THE MAN IN THE IRON MASK es una de las diversas adaptaciones que el cine y la televisión asumieron de la célebre novela de Alejandro Dumas y, en esta ocasión concreta, una nueva apuesta por el cine de aventuras por parte del productor Edward Small, quien no logra en su resultado final trascender ese aroma aventurero logrado en varias de sus apuestas, planteada con la rocambolesca historia generada por la existencia de dos hermanos gemelos como posibles herederos del rey francés Luis XIII. Esta circunstancia posibilitará los primeros minutos del film, caracterizados por un cierto siniestro dinamismo que, por desgracia, no tendrá la deseada continuidad en la mayor parte del metraje. Muy pronto la acción se trasladará en el tiempo, cuando se produzca el relevo en el gobierno de Francia, proclamándose a Luis XIV (Luis Hayward) como gobernante absolutista del imperio galo. Ya en los primeros momentos de la contingencia, el segundo gemelo –Philiph- es enviado para ser criado en Vasconia junto con los denominados tres mosqueteros, sin saber este sus orígenes reales de cuna. El gobierno del nuevo emperador se caracterizará por los excesos con sus súbditos, una consumada maldad y profusión en el empleo de la horca, y toda una serie de rasgos que hablan bien a las claras de su desprecio por la ciudadanía. Para lograr consolidar y extender sus fronteras, el monarca o cejará en  sus pretensiones al comprometerse con la princesa Maria Teresa (Joan Bennett), hija del emperador español, quien de manera sumisa acepta el compromiso, aunque en su interior no pueda esconder el desprecio que le merece su futuro marido. La llegada del aviso de un atentado en torno a la máxima autoridad francés, llevará a este a utilizar a su hermano gemelo –que desconoce tal parentesco-, al que convencerá para que asista a un acto fúnebre, viviendo en carne propia la rebeldía de los ciudadanos, y abriéndose en su hasta entonces despreocupado discurrir vital unas inquietudes a las que se unirá la atracción que sentirá hacia la princesa cuando simule ser el emperador.
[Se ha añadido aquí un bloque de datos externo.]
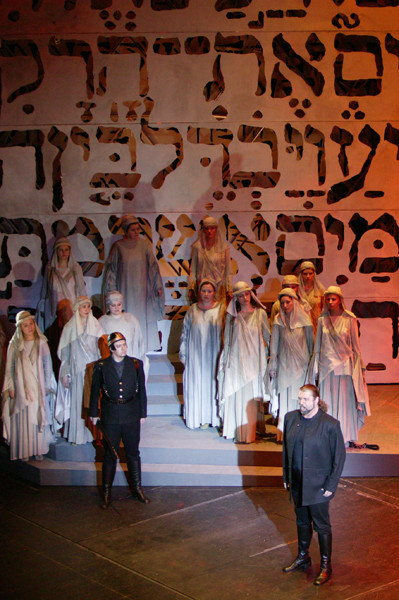 "Opera "Nabucco", in spite of the fact that it refers to the early period of Verdi’s creative work, is one of the most interesting works by him. Unfortunately, at this time a day the title of the opera tells nothing to the audience and in no way is taken in by them. The story that is opened in the libretto by T.Solera doesn’t invoke the vivid response in the audience, as it is very old, almost mythological. To feel it deeply, it is important to realistically and even naturalistically portray on stage the story of the King Nabucco. This story took place in the time when there were awful wars with the aim to annihilate, the cities were ransacked, and genocide and assimilation were done. As a result of one of these wars from the Solomon’s Temple only the Wailing Wall was left. People pray and cry near it, this is a symbol of their believes in the epoch of total unbelief, nihilism, the loss of spirituality, idealization of the extent, number and quantity that today are overall urgent. We’ve decided that this bloody and terrible story should be depicted with the help of all these unique technical novelties that the belarussian opera theatre has. Our aim is to bring this opera closer to the modern, particularly young audience, by means of modern machinery, video projection and original stage language."

Por su parte, María Teresa se sorprenderá en sus encuentros con Philiph de Gasconia –al que considera el auténtico emperador-, una sensibilidad que hasta entonces no había vislumbrado en este.
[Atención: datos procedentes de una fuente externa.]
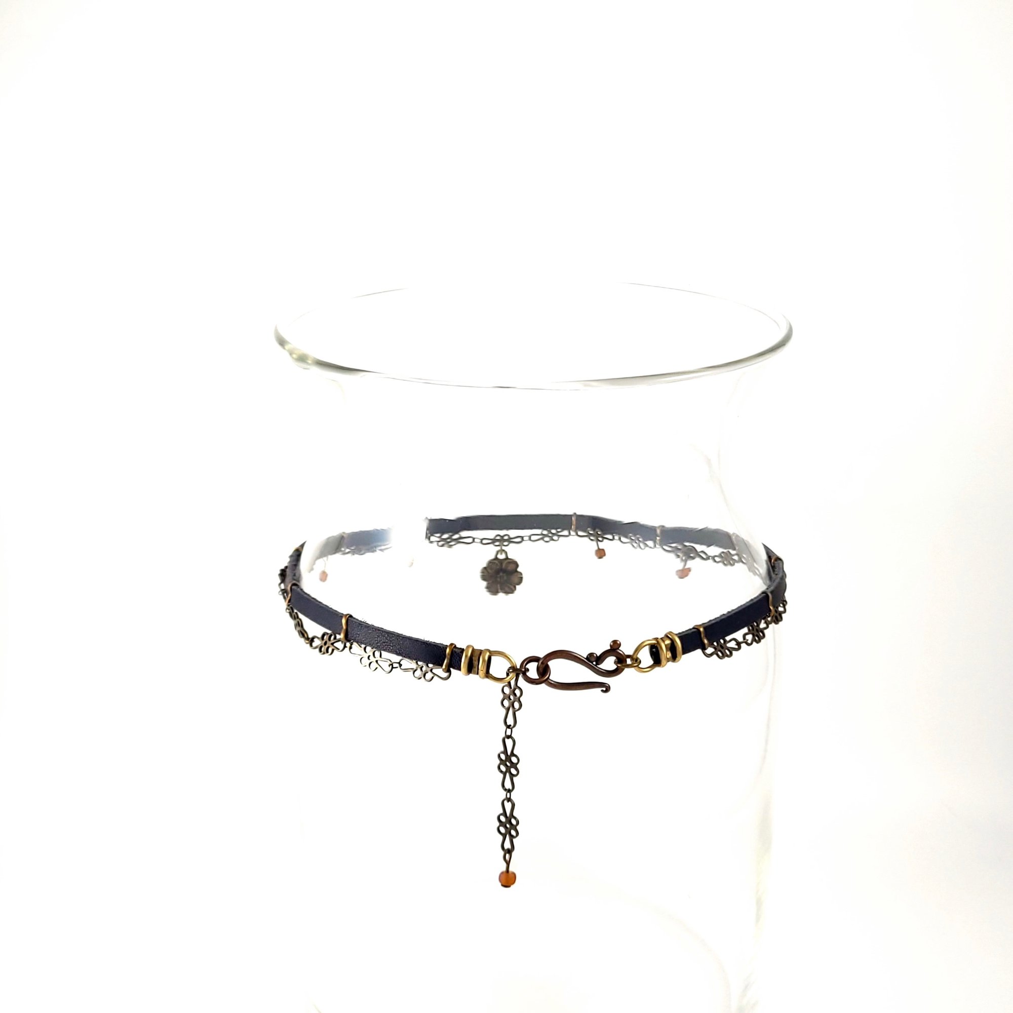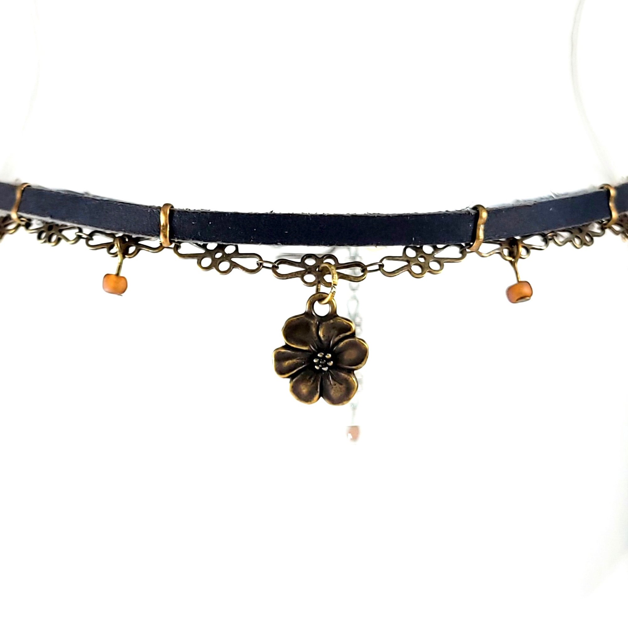 Black Leather and Brass Choker with Flower Charm

Será todo ello el nudo argumental de una peripecia que, sobre el tapete, debería poseer las cualidades y la frescura del mejor cine de aventuras, pero que en esta ocasión se abandona casi por completo a un engolamiento casi insólito en este tipo de producciones, en las que uno echa de menos las buenas maneras y el sentido de lo siniestro que en estas mismas circunstancias ofrecería el aún no suficientemente reivindicado Rowland V. Lee. En cualquier caso, lo mejor, lo más perdurable de THE MAN IN THE IRON MASK –de la que confieso incluso preferir la versión realizada por Randall Wallace y protagonizada por el blando Leonardo DiCaprio en 1998-, se encuentra en el episodio centrado en su tercio final, en el que se describe con un adecuado sentido de lo bizarro, la agonía y prisión que ha de sufrir Philiph por parte del emperador, al tener que portar una terrible máscara de hierro en su rostro. Es en esos minutos, cuando Whale da rienda suelta a una puesta en escena asfixiante y tenebrosa, sintiendo el espectador de forma muy pertinente el sabor oscuro y siniestro de las lóbregas mazmorras, o la agonía del joven gascón al tener que padecer tan tremenda tortura. La planificación manifestada en dicho fragmento –atención a los primeros planos de la máscara-, la propia configuración plástica de la misma, son elementos que logran transmitir esa tensión casi existencial del preso, y por momentos nos permiten olvidar el insufrible amaneramiento que Louis Hayward encarnando al emperador francés –aunque se muestre por el contrario creíble en su encarnación de su gemelo-, que cabría extender a un Joseph Schildkraut dando vida a un Fouquet pasadísimo de gestualización y casi caricaturesco en su definición como personaje.